Fat Girl is the exception that proves the rule. Breillat presents the masterpiece of the New French Extremism in this unnerving suspense/horror about two young sisters exploring their sexuality on vacation. The older sister, Elena, is a beautiful young woman who falls head over heels for a college student, Fernando. The younger sister, Anaïs, is fat. She is considered a burden by the family and used as a literal anchor by the family. Elena is only allowed to leave the safety of the gated holiday villa if she takes Anaïs with her. Nothing will stop Elena from pursuing a sexual relationship with her first love, even her own sister literally in the room where it happens.

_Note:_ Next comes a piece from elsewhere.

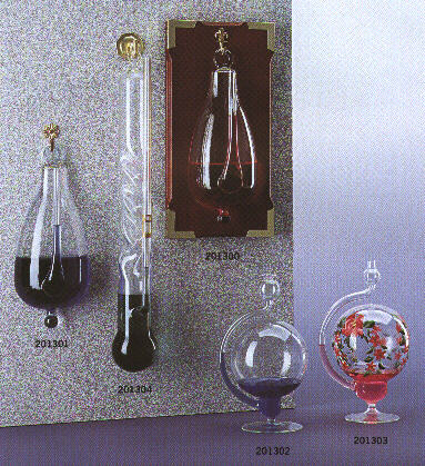 | Ein Instrument dieser Art wurde nach Goethes Tod 1832 in seinem Besitz gefunden. Es ist knapp halbvoll mit einer möglichst schwer verdunstenden Flüssigkeit gefüllt und muss sich an einem Ort möglichst konstanter Temperatur befinden (ein Thermometer neben dem Barometer ist hilfreich). Bei steigendem Luftdruck sinkt der Flüssigkeitsspiegel im Gefäßhals und umgekehrt. Bei steigender Temperatur steigt die Flüssigkeit per Dampfdruck und umgekehrt. Ein Goethe-Barometer ist alles andere als genau, aber ein reizvoller Zimmerschmuck. Flüssigkeit kann aus dem Gefäßhals überlaufen, wenn Luftdruck- und Temperaturänderungen ungünstig zusammenspielen. |
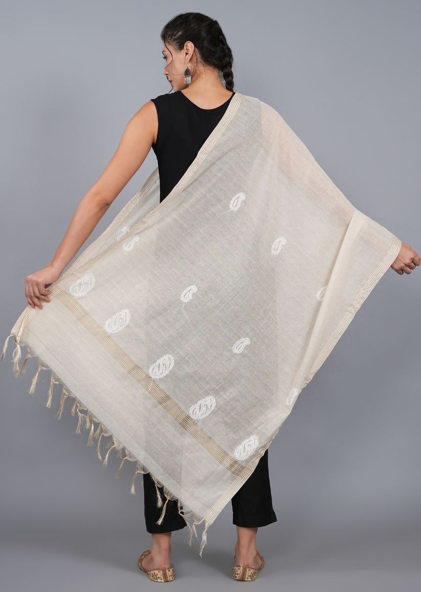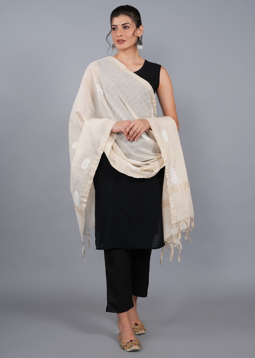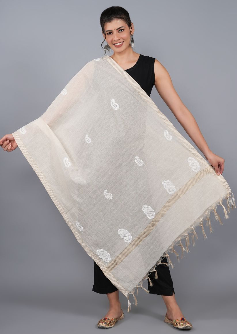An easy-to-style dupatta crafted on beige tissue chanderi fabric with scattered chikankari butis. Featuring delicate bakhiya and phanda stitches, this dupatta is versatile and can be paired with a variety of outfits. Its dyeable fabric makes it even more adaptable to your wardrobe needs. A practical bestseller, perfect for everyday wear or casual occasions.

Breillat’s trademark is long, lingering cuts that capture every moment of awkward sexual tension. Elena and Fernando’s first time together is a half hour series of full body shots, awkwardly cut with interruptions from Anaïs’ perspective. Breillat refuses to let the audience ignore the awkward, uncomfortable, and illegal advances of Fernando. There is no loving cuts to just hands, just legs, just lips. We see everything from Anaïs’ view and cannot escape into the comfort of Hollywood romantic cliches.

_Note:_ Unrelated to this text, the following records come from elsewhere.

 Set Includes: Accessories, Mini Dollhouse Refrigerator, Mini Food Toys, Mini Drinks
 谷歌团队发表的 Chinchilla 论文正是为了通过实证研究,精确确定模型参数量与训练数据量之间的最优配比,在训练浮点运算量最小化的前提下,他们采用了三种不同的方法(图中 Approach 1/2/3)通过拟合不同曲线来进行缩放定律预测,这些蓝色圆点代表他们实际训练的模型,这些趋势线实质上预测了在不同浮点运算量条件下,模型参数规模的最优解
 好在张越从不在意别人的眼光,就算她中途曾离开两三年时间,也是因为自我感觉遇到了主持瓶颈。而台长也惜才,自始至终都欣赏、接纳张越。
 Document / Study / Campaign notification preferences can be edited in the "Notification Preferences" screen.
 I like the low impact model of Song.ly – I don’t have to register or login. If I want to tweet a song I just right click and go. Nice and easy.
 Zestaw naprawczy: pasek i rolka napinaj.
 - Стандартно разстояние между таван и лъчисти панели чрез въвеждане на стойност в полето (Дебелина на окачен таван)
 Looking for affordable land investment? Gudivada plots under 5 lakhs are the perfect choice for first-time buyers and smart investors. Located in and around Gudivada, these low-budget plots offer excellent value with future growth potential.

The structure of Fat Girl is like the first act of a Hitchcock thriller. Imagine the opening stretch of Psycho as its own stand alone feature film. The murder of Marion Crane would be the finale of the film, cutting to the credits as the blood circles the drain. The tension would build to an unbearable level over the course of 90 minutes, leaving the audience simultaneously shocked and unfulfilled when the heinous act of violence against a woman happens.
The Psycho comparison is not an arbitrary one. The third act of Fat Girl turns the quiet, disturbing thriller in a seaside Italian town into a road suspense film. Breillat borrows liberally from Psycho and The Vanishing to foreshadow the turn to pure horror. A scene inside a rest stop looks like a shot for shot remake of The Vanishing, while the tense car ride with mother and daughters exceeds the paranoia of Marion thinking everyone is out to get her in Psycho. Even someone who might think Fat Girl is an extreme Feminist treatise on the oversexualization of young women will quickly realize Breillat meant this horrifying story to be horror.

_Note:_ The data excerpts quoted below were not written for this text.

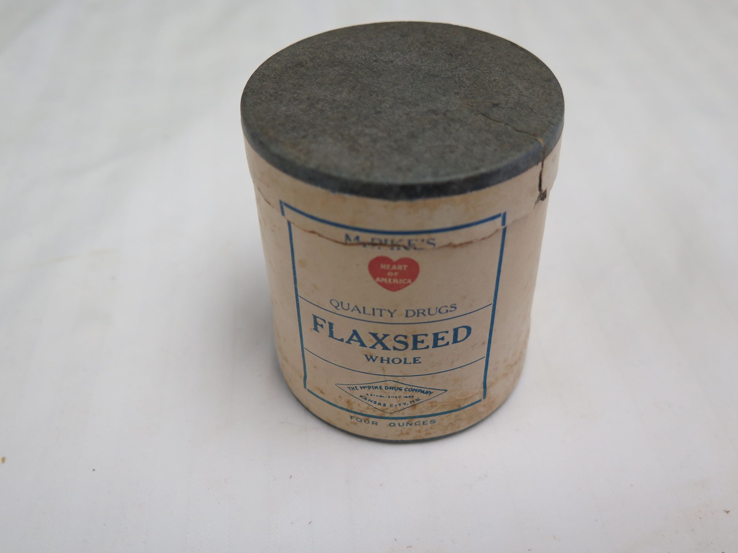 This is a round package of Pike's brand flax seeds. The package is made of paper, and measures 3" (h) x 2.5" (dia).Collection
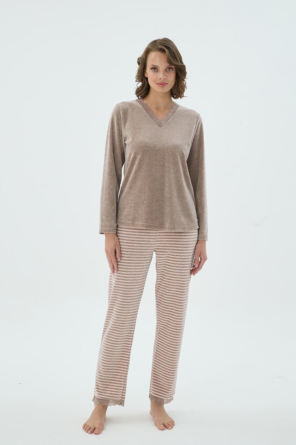 Kadın Uzun Kollu Rose Renk Kadife Pijama Takımı C7T7N171 Kadın Uzun Kollu Rose Renk Kadife Pijama Takımı C7T7N171 329025 XL
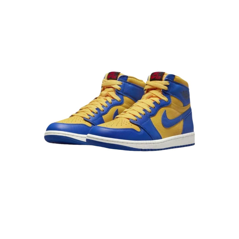 穿着 Varsity Maize、Game Royal、 Sail、 Black 和 Fire Red配色方案。这次推出的Air Jordan 1基本上是2013年"Laney”版本的“反向“版本。它采用Varsity Maize皮革底,在白色中底和蓝色橡胶外底上覆盖皇家蓝色。
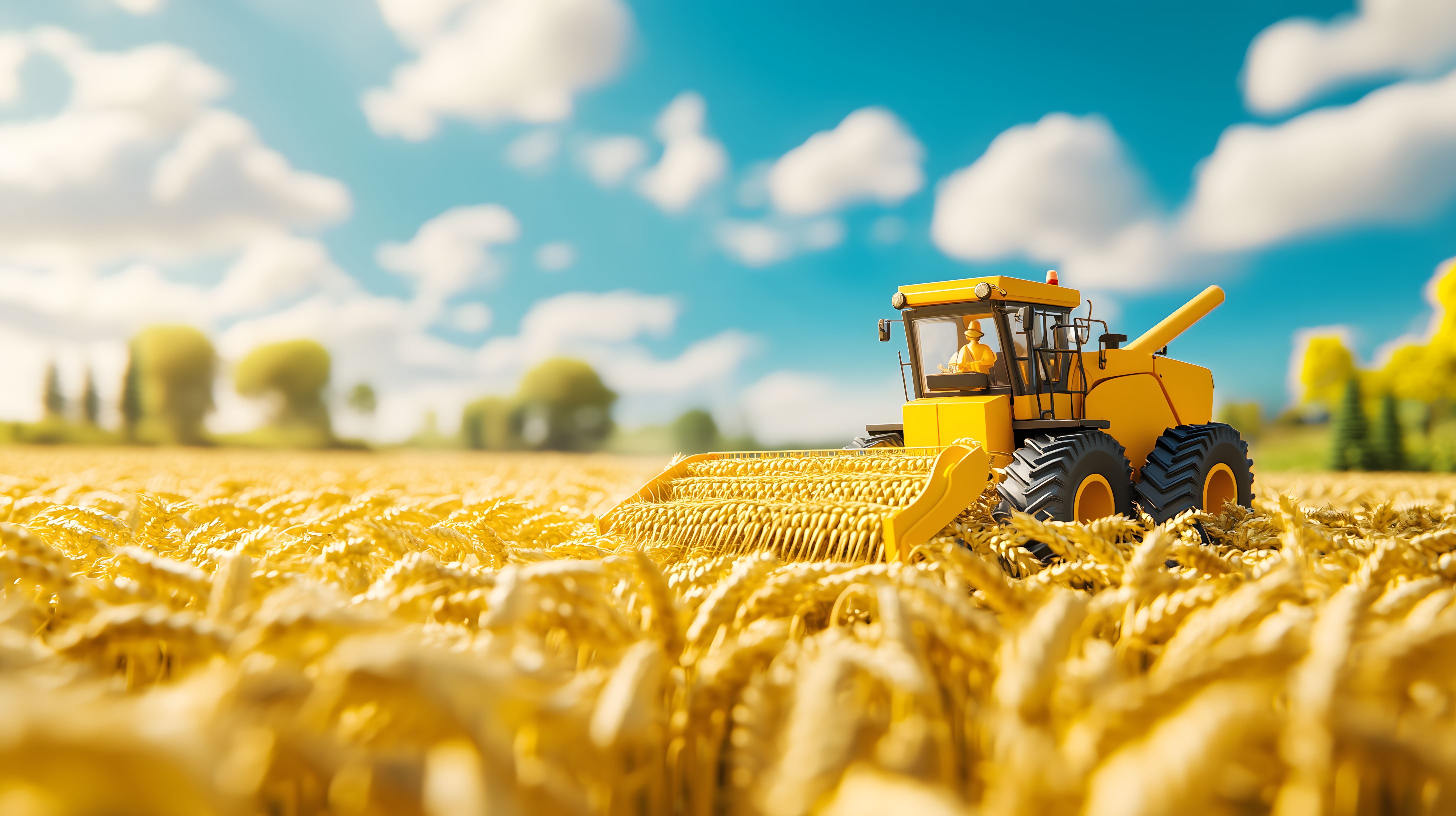 Das Bild zeigt eine Miniaturszene eines Weizenfeldes während der Ernte. Eine gelbe Erntemaschine fährt über das goldgelbe Getreidefeld, das sich unter einem wolkenverhangenen, blauen Himmel erstreckt. Die detailreiche Darstellung, die an ein 3D-Rendering erinnert, verleiht der Szene eine fast surreale Anmutung. Das Foto könnte ideal als kostenloses Stockfoto für Beiträge und Werbung im Bereich Landwirtschaft, Ernte oder Natürliches verwendet werden. Die hochauflösende Auflösung und Creative-Commons-Lizenz machen das Bild leicht zugänglich und vielseitig einsetzbar, etwa für Blog-Posts, Newsletter oder Social-Media-Kampagnen.

The New French Extremism movement was a powerful shock to the filmmaking industry. Out of nowhere, all these independent French directors began weaponizing Hollywood-style blood and gore to craft satirical and critical examinations of cinema and society. Horror fans were confronted with a social awareness all too often kept in the background of the genre, while critics were forced to contend with directors of Breillat’s stature tricking them into exploring the destructive nature of narrative and cinematic tropes they praised in tamer fare.
Catherine Breillat’s Fat Girl doesn’t shy away from the gore; the film just holds off until the last possible moment for the blood to flow and its brutal. The Extremism is exemplified in her treatment of romance. A touch on the cheek by Fernando is just as horrifying as the family massacre at the start of High Tension.
Breillat pushes psychological horror to new extremes by making it clear that rape by coercion–breaking down the partner’s barriers until their clear and repeated “No” is forced into a “Yes”–is rape. There is no escaping the violent nature of Elena’s infatuation with Fernando, only exceeded when the film fulfills its thesis with one of the most disturbing sequence of violence captured in all of cinema.